HOW TO COMPLETE THIS TASK
This task calls for the lines below starting at the one containing "Turn heads with" and ending at the one containing "Featuring a wine", repeated exactly with both ends kept and pictures left out.

PROVIDED DATA
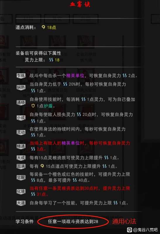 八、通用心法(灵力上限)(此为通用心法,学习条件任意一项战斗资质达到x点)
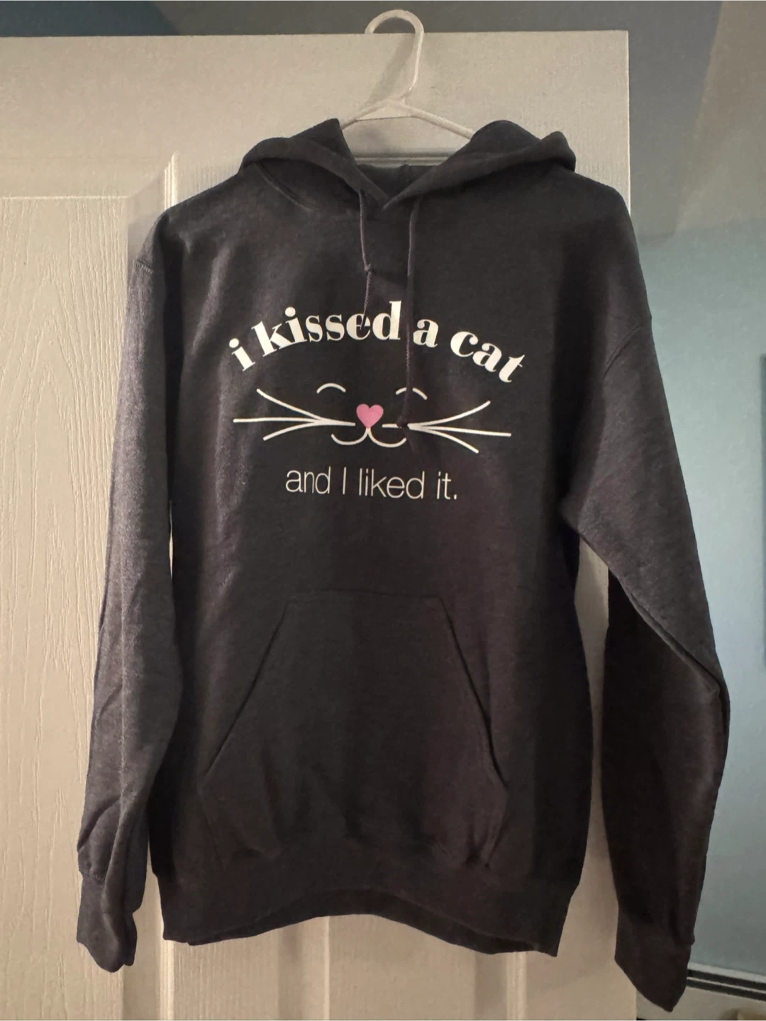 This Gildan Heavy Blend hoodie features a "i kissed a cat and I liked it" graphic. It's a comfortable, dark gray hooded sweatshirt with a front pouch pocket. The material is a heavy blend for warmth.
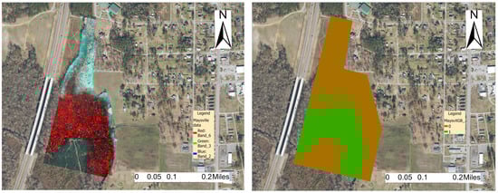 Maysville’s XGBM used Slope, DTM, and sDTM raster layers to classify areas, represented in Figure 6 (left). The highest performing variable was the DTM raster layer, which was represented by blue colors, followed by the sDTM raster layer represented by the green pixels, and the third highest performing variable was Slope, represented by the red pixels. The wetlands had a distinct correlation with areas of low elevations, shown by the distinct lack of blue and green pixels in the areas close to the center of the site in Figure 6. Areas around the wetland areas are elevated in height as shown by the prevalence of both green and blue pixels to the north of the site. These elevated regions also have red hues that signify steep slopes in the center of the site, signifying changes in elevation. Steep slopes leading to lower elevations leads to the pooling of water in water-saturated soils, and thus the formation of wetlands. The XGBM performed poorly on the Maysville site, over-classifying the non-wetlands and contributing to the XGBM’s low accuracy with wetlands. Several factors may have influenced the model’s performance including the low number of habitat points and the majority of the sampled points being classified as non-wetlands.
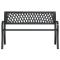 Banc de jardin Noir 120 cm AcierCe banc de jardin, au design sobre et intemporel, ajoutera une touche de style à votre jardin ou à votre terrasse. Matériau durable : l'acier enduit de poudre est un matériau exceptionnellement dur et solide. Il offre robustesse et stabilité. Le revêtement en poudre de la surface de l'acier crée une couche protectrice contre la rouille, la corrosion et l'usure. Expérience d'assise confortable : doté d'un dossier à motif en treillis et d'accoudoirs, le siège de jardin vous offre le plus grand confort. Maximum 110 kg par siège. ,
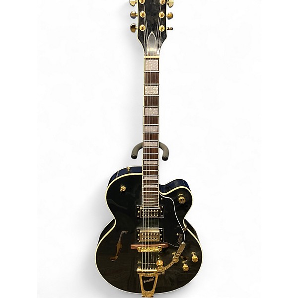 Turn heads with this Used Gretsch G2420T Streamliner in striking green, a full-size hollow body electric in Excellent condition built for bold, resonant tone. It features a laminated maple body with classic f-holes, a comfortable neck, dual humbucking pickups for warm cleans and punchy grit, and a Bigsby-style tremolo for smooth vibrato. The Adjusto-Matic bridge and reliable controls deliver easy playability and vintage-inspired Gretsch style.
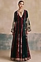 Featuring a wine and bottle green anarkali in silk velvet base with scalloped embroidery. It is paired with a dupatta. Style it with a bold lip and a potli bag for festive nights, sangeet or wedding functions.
* * *
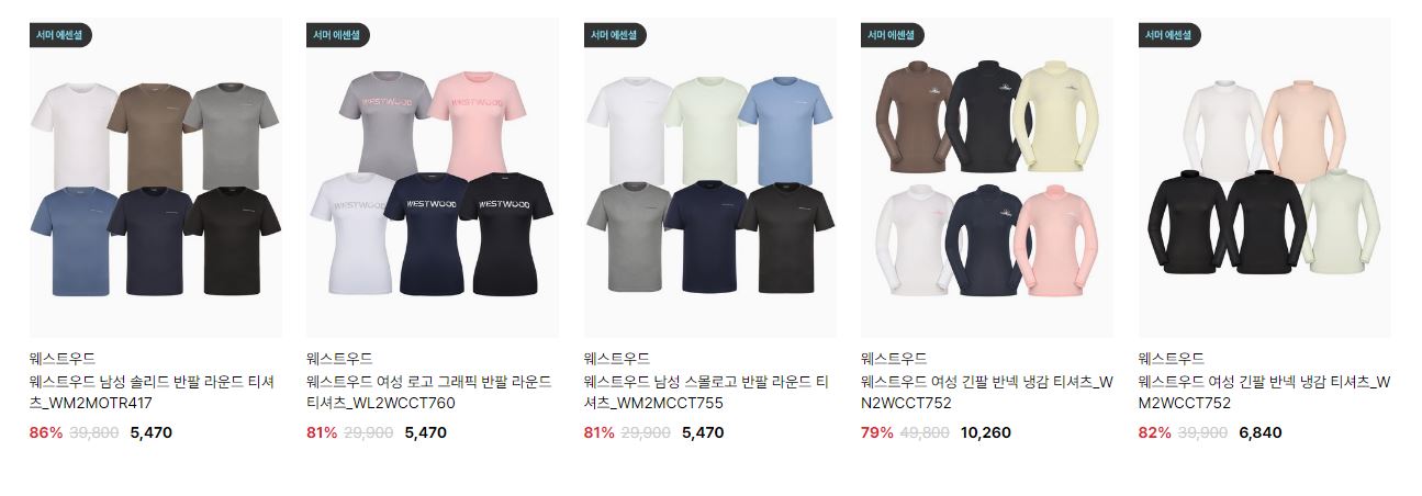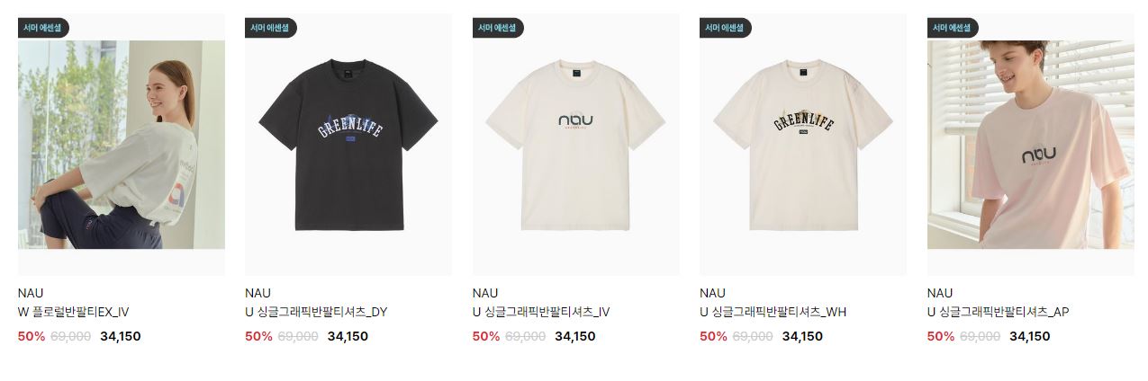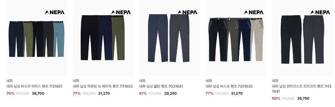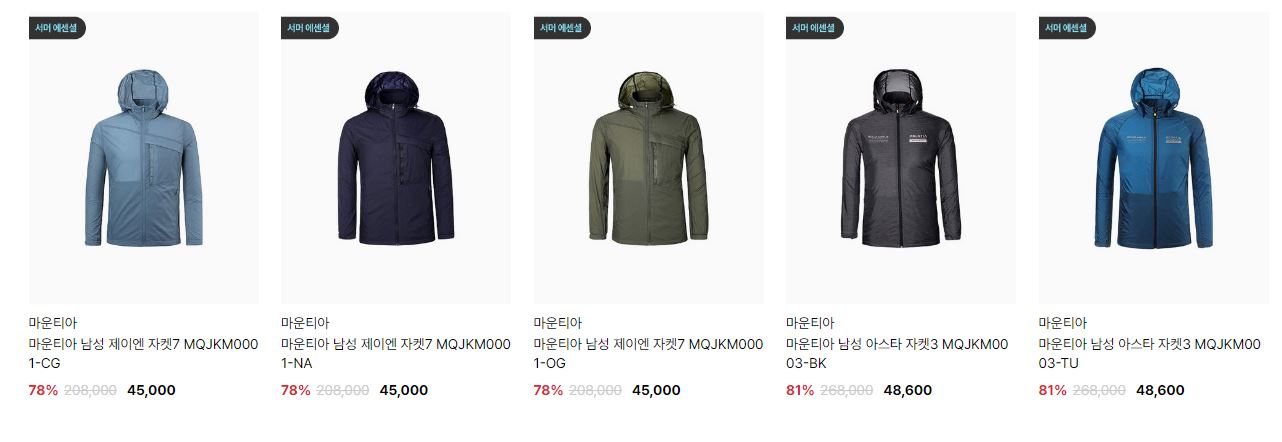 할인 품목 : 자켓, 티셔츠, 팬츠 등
...
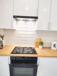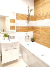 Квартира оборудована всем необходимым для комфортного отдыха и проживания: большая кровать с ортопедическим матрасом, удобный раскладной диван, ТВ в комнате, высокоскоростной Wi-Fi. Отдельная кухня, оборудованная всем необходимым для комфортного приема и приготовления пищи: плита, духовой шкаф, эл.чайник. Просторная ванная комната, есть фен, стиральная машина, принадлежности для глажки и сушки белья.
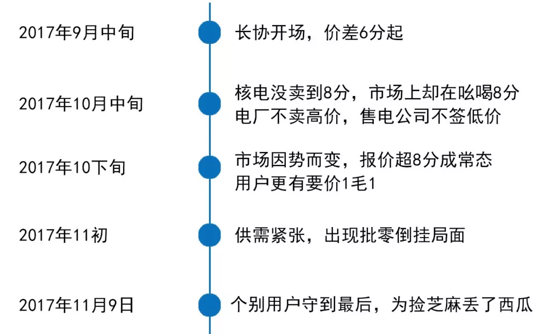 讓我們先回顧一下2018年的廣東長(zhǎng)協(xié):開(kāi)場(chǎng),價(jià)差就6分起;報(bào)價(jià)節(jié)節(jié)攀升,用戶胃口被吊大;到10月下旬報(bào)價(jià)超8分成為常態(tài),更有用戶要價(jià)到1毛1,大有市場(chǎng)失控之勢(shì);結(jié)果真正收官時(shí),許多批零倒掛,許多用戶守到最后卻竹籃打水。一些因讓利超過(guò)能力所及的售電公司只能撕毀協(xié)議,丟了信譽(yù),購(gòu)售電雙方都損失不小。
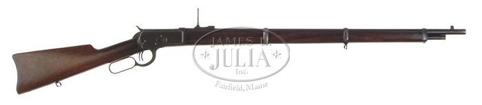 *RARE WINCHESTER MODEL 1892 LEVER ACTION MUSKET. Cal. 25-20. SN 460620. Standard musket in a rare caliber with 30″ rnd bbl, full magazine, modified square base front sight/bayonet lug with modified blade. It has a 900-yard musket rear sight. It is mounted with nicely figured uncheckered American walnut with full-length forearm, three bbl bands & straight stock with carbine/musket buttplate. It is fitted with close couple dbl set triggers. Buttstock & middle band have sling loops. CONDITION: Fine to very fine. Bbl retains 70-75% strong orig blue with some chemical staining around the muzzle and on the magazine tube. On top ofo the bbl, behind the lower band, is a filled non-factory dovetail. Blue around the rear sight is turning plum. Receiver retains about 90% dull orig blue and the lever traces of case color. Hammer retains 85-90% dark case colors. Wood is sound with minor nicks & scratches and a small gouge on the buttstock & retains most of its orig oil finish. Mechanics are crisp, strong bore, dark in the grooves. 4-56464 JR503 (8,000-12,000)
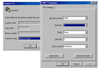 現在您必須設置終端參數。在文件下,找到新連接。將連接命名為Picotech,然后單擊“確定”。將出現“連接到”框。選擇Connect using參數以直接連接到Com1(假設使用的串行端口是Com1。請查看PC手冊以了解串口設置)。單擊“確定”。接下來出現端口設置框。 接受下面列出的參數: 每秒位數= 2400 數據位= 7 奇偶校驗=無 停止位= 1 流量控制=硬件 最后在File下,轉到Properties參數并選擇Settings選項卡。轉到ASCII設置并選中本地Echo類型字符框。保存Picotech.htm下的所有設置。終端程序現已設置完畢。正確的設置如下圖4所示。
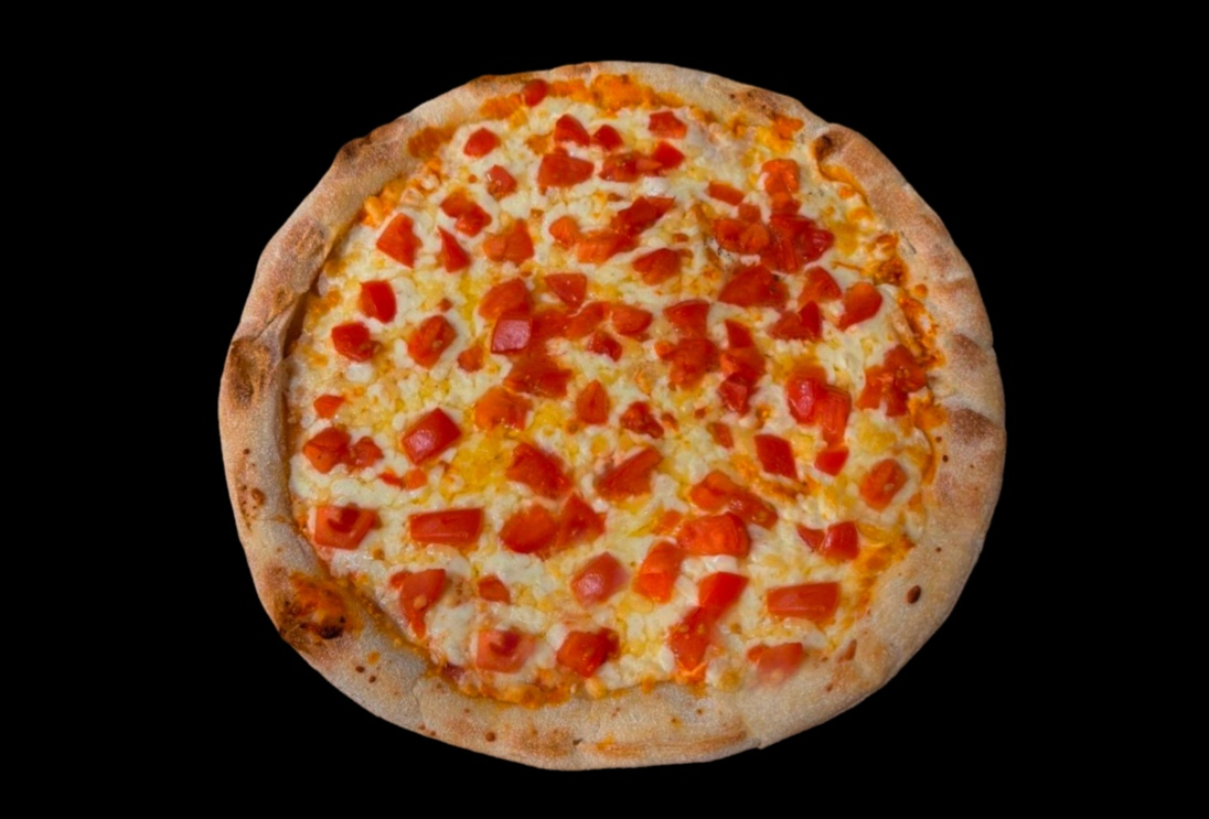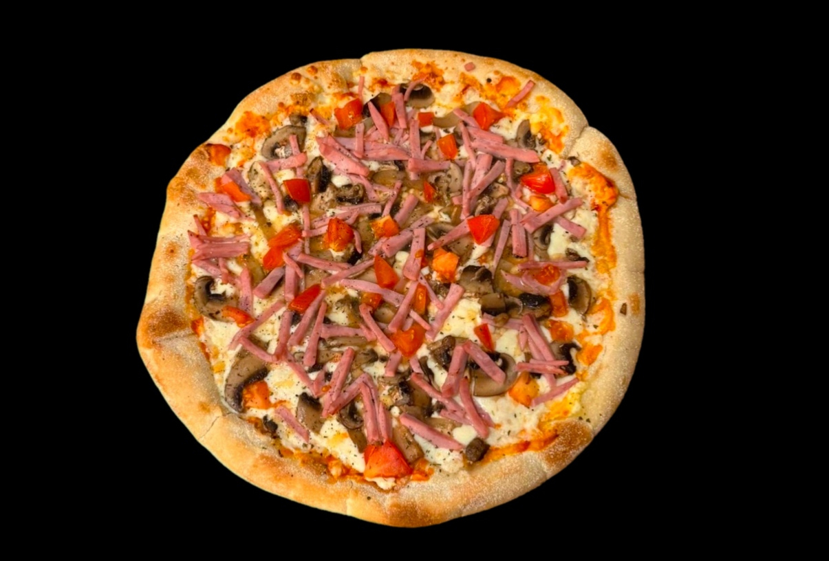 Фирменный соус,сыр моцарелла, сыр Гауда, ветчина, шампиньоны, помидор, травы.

REPLY TO THE TASK
 Turn heads with this Used Gretsch G2420T Streamliner in striking green, a full-size hollow body electric in Excellent condition built for bold, resonant tone. It features a laminated maple body with classic f-holes, a comfortable neck, dual humbucking pickups for warm cleans and punchy grit, and a Bigsby-style tremolo for smooth vibrato. The Adjusto-Matic bridge and reliable controls deliver easy playability and vintage-inspired Gretsch style.
 Featuring a wine and bottle green anarkali in silk velvet base with scalloped embroidery. It is paired with a dupatta. Style it with a bold lip and a potli bag for festive nights, sangeet or wedding functions.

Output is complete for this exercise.